Estamos na região de Rostock, no norte da Alemanha, durante um verão muito quente e seco, que expõe as florestas ao risco de incêndio. Em dado momento, um dos personagens informa que não há risco do grande incêndio na floresta adiante chegar até eles, pois o vento sopra do mar para o continente. Será?

O filme opõe duas posturas diferentes em relação às pessoas e ao ambiente. Felix é mais emotivo, sensível às cores e respirações do mundo, leva a vida suavemente. Por isso, faz amizades com muita facilidade. É fotógrafo e idealiza uma exposição com pessoas olhando para o mar.

Leon, que é evidentemente o protagonista, é mais formal e sério, desconfiado. Tem dificuldade de dormir porque Nadja faz amor no quarto ao lado. É escritor, está tentando encerrar seu segundo livro e não entende o propósito da série de fotos do amigo. Para Leon, ao menos nesse momento, a vida é mais pesada, quase um fardo.
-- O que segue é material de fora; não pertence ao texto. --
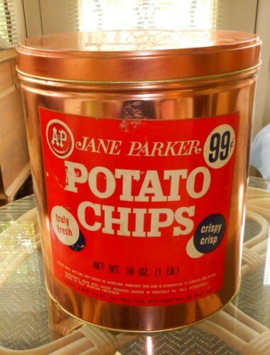 Title (ebay affiliate link): A & P POTATO CHIP TIN - COPPER FINISH w/ORIG PAPER LABEL RARE HTF JANE PARKER

Depois entenderemos por quê.

Quando provocado pelas circunstâncias a ser mais sociável com Nadja e Devid, o amante salva-vidas da moça, Leon chega a ser estúpido, e assim continua em outros momentos. Mas a atração que sente por Nadja faz com ele perceba sua própria estupidez. Daí a mudar seu comportamento, é outra história.

Inseguro quanto ao livro que está escrevendo, Leon acaba deixando que Nadja o leia. Ela não gosta do livro. Mas quando vemos Leon ansioso pela opinião da moça, lembramos de Frank Sinatra esperando o julgamento de Martha Hyer após a leitura de seu livro em "Deus Sabe Quanto Amei", longa de 1958, dirigido por Vincente Minnelli.

Está estabelecido, mais uma vez, o cinema americano clássico como referência para um cineasta alemão, cinco décadas após Rainer Werner Fassbinder ter se encantado com os melodramas americanos de Douglas Sirk. Fassbinder, aliás, usou o nome da atriz de Minnelli para uma de suas grandes protagonistas, a Martha Hyer de "Martha", de 1974.

A relação de Petzold com esse gigante do cinema novo alemão se fortalece pela semelhança entre Thomas Schubert e Volker Spengler, um dos mais importantes atores da segunda metade da carreira de Fassbinder.

Quando exibido em Berlim, muitos críticos o compararam a outro gênio, o francês Eric Rohmer, o que Petzold não desencorajou. Mas essa comparação também é injusta. Rohmer é mais leve, solar, um diretor que brinca com o cinema e nos prende com isso.

Petzold é mais denso, mesmo numa reunião agradável entre amigos, embora menos que Fassbinder. Em seu cinema, há sempre alguma ameaça séria no ar. Em "Afire", como o próprio título indica, é o fogo que se aproxima.

Fosse Buñuel, trataria de expor todos esses burgueses ao ridículo. O diretor alemão, contudo, procura a sobriedade e, ao mesmo tempo evita a celebração pequeno-burguesa que Olivier Assayas e Mia Hansen-Love tem feito em seus últimos filmes.

Os acontecimentos deixam feridas, irão marcar as vidas desses jovens para sempre. Mas Petzold mostra a possibilidade de se aprender com isso, de melhorar. O final, por isso, é talvez o mais tocante entre todos os seus filmes.

Talvez "Afire" seja mesmo o maior momento do cinema de Petzold até aqui, superando o ápice atingido com "Undine". No cinema alemão contemporâneo, não há cineasta mais intrigante que ele.